**RECORD EXTRACTS**
###
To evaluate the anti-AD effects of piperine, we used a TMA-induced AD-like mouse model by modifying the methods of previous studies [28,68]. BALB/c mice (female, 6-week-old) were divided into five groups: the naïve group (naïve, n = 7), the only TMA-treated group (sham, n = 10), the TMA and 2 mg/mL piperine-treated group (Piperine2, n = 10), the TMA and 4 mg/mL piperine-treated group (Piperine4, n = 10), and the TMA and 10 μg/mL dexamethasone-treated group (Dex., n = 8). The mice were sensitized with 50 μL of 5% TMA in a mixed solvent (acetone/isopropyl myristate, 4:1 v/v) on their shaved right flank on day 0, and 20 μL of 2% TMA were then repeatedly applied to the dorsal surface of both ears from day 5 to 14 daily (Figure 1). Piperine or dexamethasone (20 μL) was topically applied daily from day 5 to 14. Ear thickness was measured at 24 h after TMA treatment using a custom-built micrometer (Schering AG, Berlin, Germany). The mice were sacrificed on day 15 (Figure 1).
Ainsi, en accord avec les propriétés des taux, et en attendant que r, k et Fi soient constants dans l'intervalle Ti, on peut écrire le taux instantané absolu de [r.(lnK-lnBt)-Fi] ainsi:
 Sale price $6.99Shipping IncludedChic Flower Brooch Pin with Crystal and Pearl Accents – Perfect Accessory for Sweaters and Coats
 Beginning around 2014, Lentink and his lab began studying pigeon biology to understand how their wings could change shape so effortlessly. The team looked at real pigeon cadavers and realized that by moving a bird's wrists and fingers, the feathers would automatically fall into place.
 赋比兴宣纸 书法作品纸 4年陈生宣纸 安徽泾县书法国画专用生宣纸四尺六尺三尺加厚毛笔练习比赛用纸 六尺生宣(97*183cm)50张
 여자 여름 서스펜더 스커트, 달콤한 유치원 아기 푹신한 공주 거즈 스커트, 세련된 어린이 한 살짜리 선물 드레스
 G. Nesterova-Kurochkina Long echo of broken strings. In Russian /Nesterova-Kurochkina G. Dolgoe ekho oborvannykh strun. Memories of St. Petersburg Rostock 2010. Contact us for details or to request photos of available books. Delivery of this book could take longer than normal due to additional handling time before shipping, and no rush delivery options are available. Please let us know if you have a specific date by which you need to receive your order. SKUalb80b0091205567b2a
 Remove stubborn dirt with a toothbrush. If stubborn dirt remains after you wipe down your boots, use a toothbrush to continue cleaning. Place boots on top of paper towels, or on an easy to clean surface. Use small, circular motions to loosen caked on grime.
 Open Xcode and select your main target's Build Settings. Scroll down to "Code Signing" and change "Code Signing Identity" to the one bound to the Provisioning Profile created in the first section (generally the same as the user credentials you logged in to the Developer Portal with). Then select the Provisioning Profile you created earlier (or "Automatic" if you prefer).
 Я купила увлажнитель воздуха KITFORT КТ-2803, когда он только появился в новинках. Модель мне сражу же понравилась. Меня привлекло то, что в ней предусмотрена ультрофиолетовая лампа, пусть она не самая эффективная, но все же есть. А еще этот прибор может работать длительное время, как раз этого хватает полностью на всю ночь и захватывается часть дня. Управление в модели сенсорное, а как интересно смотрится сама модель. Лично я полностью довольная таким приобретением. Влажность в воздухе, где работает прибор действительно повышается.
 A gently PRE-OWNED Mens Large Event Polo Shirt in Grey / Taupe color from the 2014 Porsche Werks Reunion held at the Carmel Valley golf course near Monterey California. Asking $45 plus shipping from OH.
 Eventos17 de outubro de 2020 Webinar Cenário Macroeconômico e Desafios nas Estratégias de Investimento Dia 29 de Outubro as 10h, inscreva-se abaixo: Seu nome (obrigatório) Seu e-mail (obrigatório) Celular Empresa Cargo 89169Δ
###
**TASK PROMPT**
A single figure is the whole answer: the number of lines in the material above where the string "change" occurs.

**COMPLETED TASK**
2